The flatness of the loss landscape can be visualized (i.e. qualitatively measured) by perturbing the weight in a random direction and measuring the difference of the loss caused by the perturbation. The authors propose two objective flatness measures, the average-case and the worst-case flatness, where average-case flatness is defined as: $$\label{eq:avg_flatness} \mathbb{E}_{\nu} [ \underset{||\delta||_{\infty}\leq \epsilon}{\max} \mathcal{L}(f(x+\delta ; w + \nu), y)] - \underset{||\delta||_{\infty}\leq \epsilon}{\max} \mathcal{L}(f(x+\delta ; w ), y),$$ where $\nu$ is the random weight perturbation. The second term of the \eqref{eq:avg_flatness} is the reference term that the authors propose to make the measure independent of the absolute loss. Losses $\mathcal{L}$ and the $\tilde{\mathcal{L}}$ represent the second and first term of \eqref{eq:avg_flatness}, respectively For the worst-case flatness, the expectation over the left term is substituted with the maximum value with respect to the $\nu$.
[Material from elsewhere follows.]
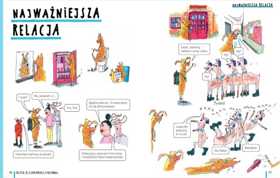 Konstrukcja narracyjna książki również pozostaje spójna z wcześniejszymi tomami. Przewodniczką po tomie jest charakterystyczna sepleniąca lama Lama, wobec której autorzy – obecni w książce jako postacie – przyjmują rolę przewodników po świecie ludzkich dorosłych. Ten zabieg nie tylko porządkuje przekaz, lecz także wprowadza element autoironii i dystansu, tak istotny w komunikacji z młodym odbiorcą. Dodatkowo publikacja silnie osadzona jest w uniwersum serii: pojawiają się liczne odniesienia do wcześniejszych części, takich jak „Ekonomia” czy „Dojrzewanie” (autorzy odsyłają do znajdujących się w nich definicji), a także powracający bohaterowie (między innymi Harry, Bert i Marta, czyli pierwsi ludzie). Tego rodzaju intertekstualność buduje ciągłość i zachęca do lektury kolejnych tomów, a także pokazuje spójność twórczego i merytorycznego zamysłu autorów. Dekodowanie tego uniwersum staje się rozrywką tylko dla wiernych fanów – i słusznie. Nikt nie obiecywał, że uczenie się świata będzie łatwym zadaniem.
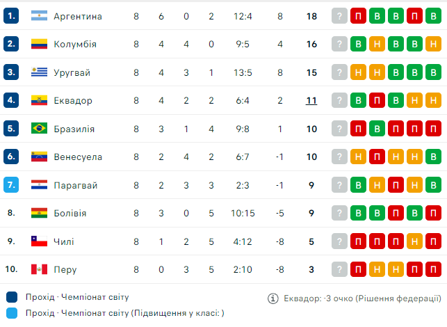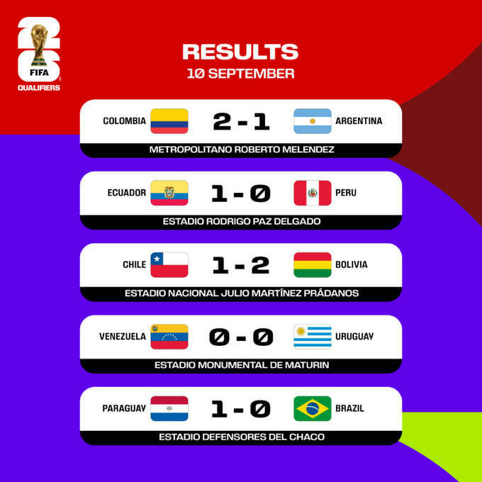 В ночь на 11 сентября состоялись матчи 8-го тура квалификации чемпионата мира 2026 в зоне Южной Америки.

##### Show relationship between the flatness and the robust generalization gap by experiments

The authors provide relationship between the flatness and the robust generalization from a variety of perspectives. First, the relationship between the robust generalization and the flatness is plotted with the proposed measure \eqref{eq:avg_flatness} to find correlation between the two. Robust generalization correlates with flatness

Flatness throughout the adversarial training, flatness across hyper-parameters, and the effect of early stopping in robust generalization along with flatness are demonstrated. Flatness throughout training Flatness across hyper-parameters Flatness and early stopping

The authors conclude that the provided measures allow comparison between the models, and consistently finds correlation between the loss landscape flatness and the robust generalization gap in extensive experiments.